I wanted to create a general use trailer for myself, and decided to go ahead and integrate that into this build. A single wheel trailer is not a new idea, but I didn't like what I saw that was already available. I wanted to use a full size rim and tire and it needed to be a flatbed with options for whatever I wanted to haul on it. The trick here is create a heavy-duty universal joint. I originally tried a large u-joint from a farm supply store, but it didn't have the range of motion I needed for tight maneuvres, like in a parking lots or turns tighter than 60 degress. I just fab'd my own from some 3/8 bar and some 5/8 bolts/nuts. Very simple and very stout with a total arc of over 240 degrees, more than enough. It has a very low center of gravity and from my testing only imparts a slight feedback to the bike when riding. By that I mean there is just a ghost of a repeat of the motions you make on the bike that get sent back to you from the trailer. For instance if I am traveling straight and I make a slight correction to the left to avoid a pothole, the trailer will follow nicely but also send that same push to the left a split second later, just about 10% of the intial force. It's just different, just like it feels different when you haul a trailer with a car. I'm pretty sure I can minimize it further by stiffening the longitudinal axis of the trailer. I thnk is mostly the result of the trialer twisting a bit between the u-joint and the it's own rear axle. The feedback is the untwisting motion. Works well, I'll be adding a hitch to my other larger bikes down the road. I took a chance and went with an unsprung axle and the use of a lower pressure dual sport tire. Seems to do the trick, if there is a resonant speed bounce with this set up, it must be above 65mph, which is the max for this bike. Any bounce encountered from road conditions they are immediately smoothed out by a sharp twist of the accelerator. The trailer behaves immediately.

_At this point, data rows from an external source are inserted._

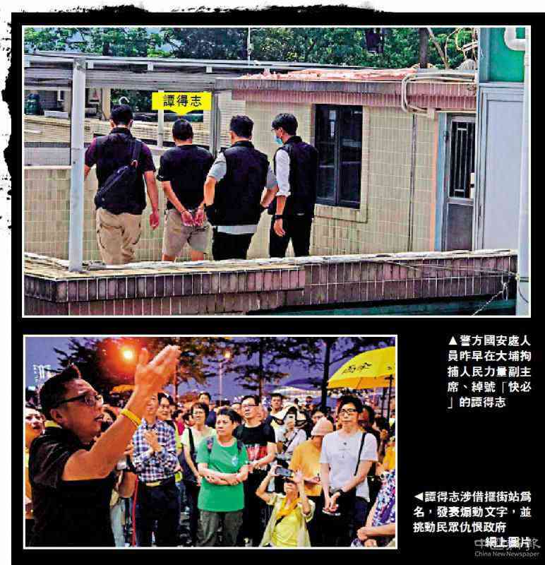 再有攬炒派政棍被警方國安處人員拘捕!警方國安處人員昨日拘捕人民力量副主席、綽號“快必”的譚得志,指他在過去三個(gè)月“限聚令”實(shí)施期間舉行29次街站,并透過網(wǎng)上平臺直播,巧立名目稱是“防疫講座”,發(fā)表引起憎恨及藐視政府的言論,部分字眼同時(shí)引起民間之間的不滿。警方以“發(fā)表煽動文字”罪將譚拘捕。
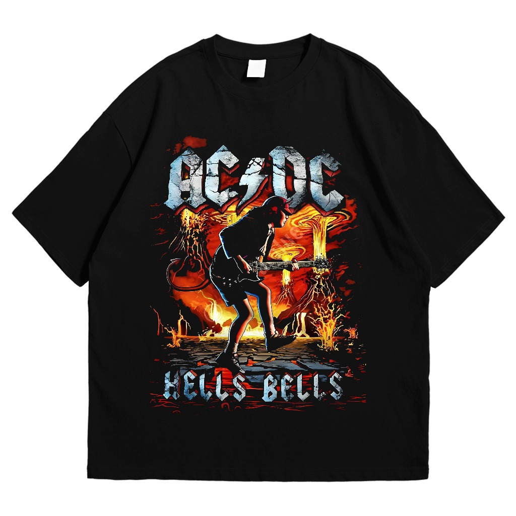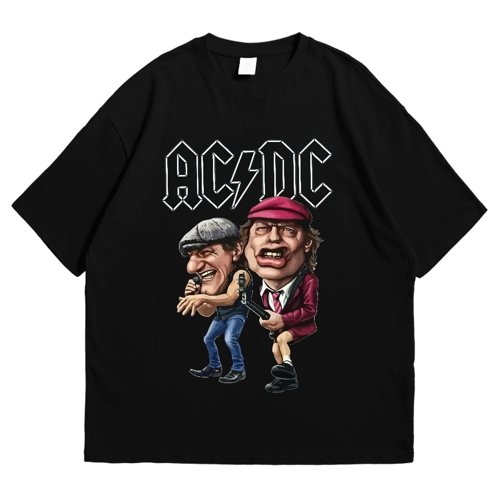 Baju Kaos Band ACDC Hitam Classic Rock T-shirt Pria Wanita Uni Cotton Combed Black 24s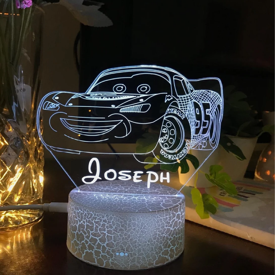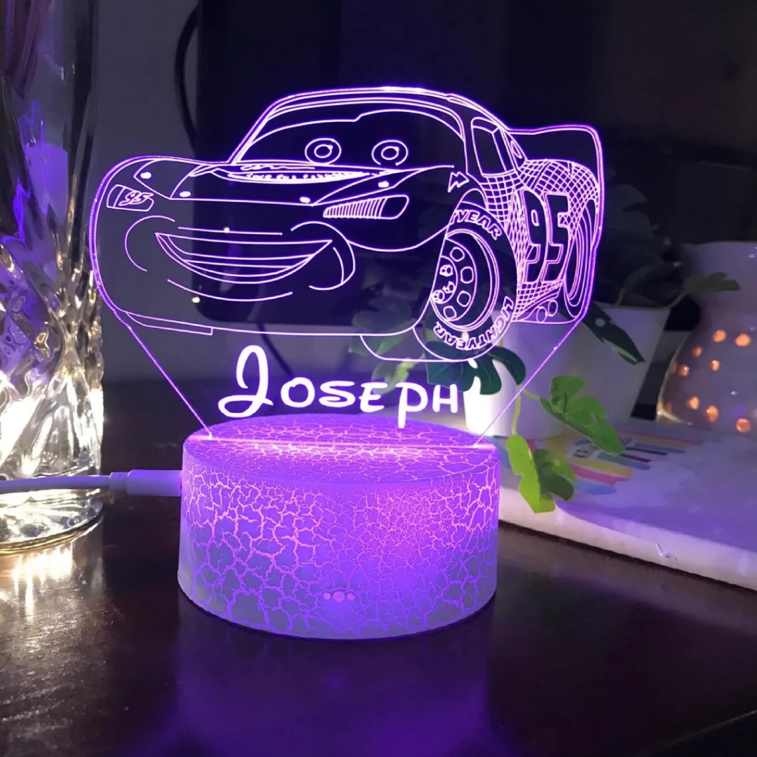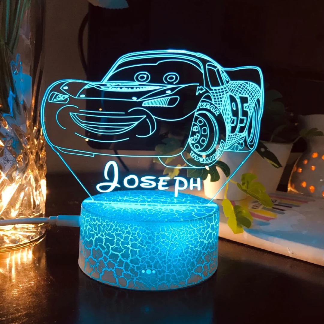 Lámpara 3D Ilusión Luz de noche LED para coche Luces de colores personalizadas 1 nombre

​Overall a great project. I get a massive amount of curiosity, thumbs-up, cat-calls, and any time I stop for gas or chow I end up talking with fellow bikers for as long as I'm willing. It's a great feeling to build your own bike, unique to you, and then actually get out and ride it. And it a can all be done on a poor man's budget. Just take your time, save up for the right tools and go for it.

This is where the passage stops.